Car le Husky est chasseur. C’est indéniable. Son instinct de prédation étant plus prononcé que chez d’autres races de chien, il est nécessaire d’être vigilant quand il est en liberté. La faune sauvage et les chats du quartier pourraient en faire les frais. Si vous avez l’occasion de le nourrir au cru, vous comblerez au moins chez le Husky le besoin de mastiquer, dilacérer la viande et croquer les os, à défaut de pouvoir combler son instinct de poursuite en le laissant chasser, ce qui serait bien évidemment cruel pour les animaux croisés en promenade.
Conseil qu’il est toujours bon de rappeler, le Husky n’est pas fait pour rester seul dix heures par jour. Il est évident que travailler est nécessaire pour vivre, mais laisser un chien seul aussi longtemps est une négation totale de ses besoins éthologiques. Essayez de recruter un(e) dog-sitter, laissez votre chien en garde chez un ami qui a un autre chien, confiez-le à une garderie canine de jour, mais ne le laissez pas seul dix heures par jour, cinq jours sur sept. Le Husky n’est peut-être plus un acharné des sports de traîneaux (et encore, certains le sont, en fonction de leur génétique et de la condition physique dans laquelle on les maintient), mais il a besoin d’explorer, de gambader, de renifler, de jouer, de rencontrer d’autres chiens, bref, de vivre, tout simplement !

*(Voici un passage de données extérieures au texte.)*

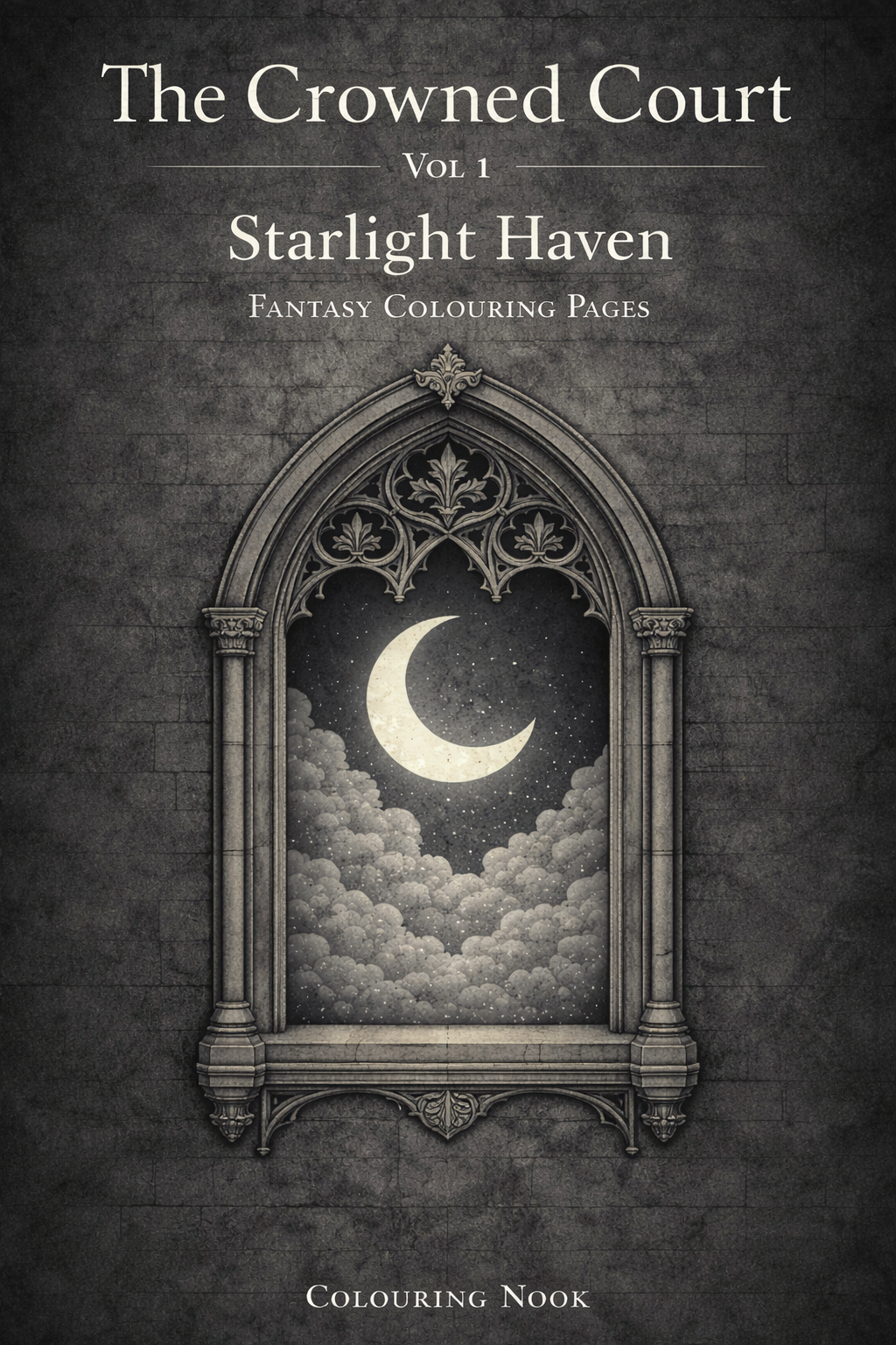 This dark fantasy colouring collection features elegant, gothic-inspired illustrations designed for calm, immersive colouring sessions. From crowned figures and ceremonial goblets to throne rooms and arched windows beneath the night sky, each page invites you into a world of stillness, power, and imagination.

Enfin, si vous comptez sur votre Husky pour monter la garde, vous risquez de tomber de haut. Il est plus probable de le retrouver en train de prendre le thé avec un cambrioleur plutôt que de le surprendre tout crocs dehors et l’échine hérissée à essayer de chasser un intrus qui se serait trop approché de votre portail. Le Husky est probablement l’une des seules races de chien à faire la fête au facteur ! Dire que, parfois, il ne se lève même pas du canapé pour vous saluer quand vous rentrez du travail… C’est ça, le Husky : un chien qui vous amènera toujours à vous remettre en question et à vous améliorer, un animal tout en contradictions, qui vous fera mourir de rire quand il vous fera la conversation (le Husky cause, et aime s’entendre parler !), et qui vous fera vous arracher les cheveux quand il aura décidé de ne revenir à vos pieds qu’APRÈS s’être copieusement roulé dans ce cadavre de ragondin faisandé qui empeste à deux-cents mètres. Le Husky est un hymne à la vie enfoui sous un amas de fourrure, un épicurien caché derrière un regard couleur lagon. À ses côtés, et si vous lui consacrez le temps et la patience qu’il mérite, vous apprendrez à devenir un peu un chien vous-même et vous mordrez à pleines dents dans la vie.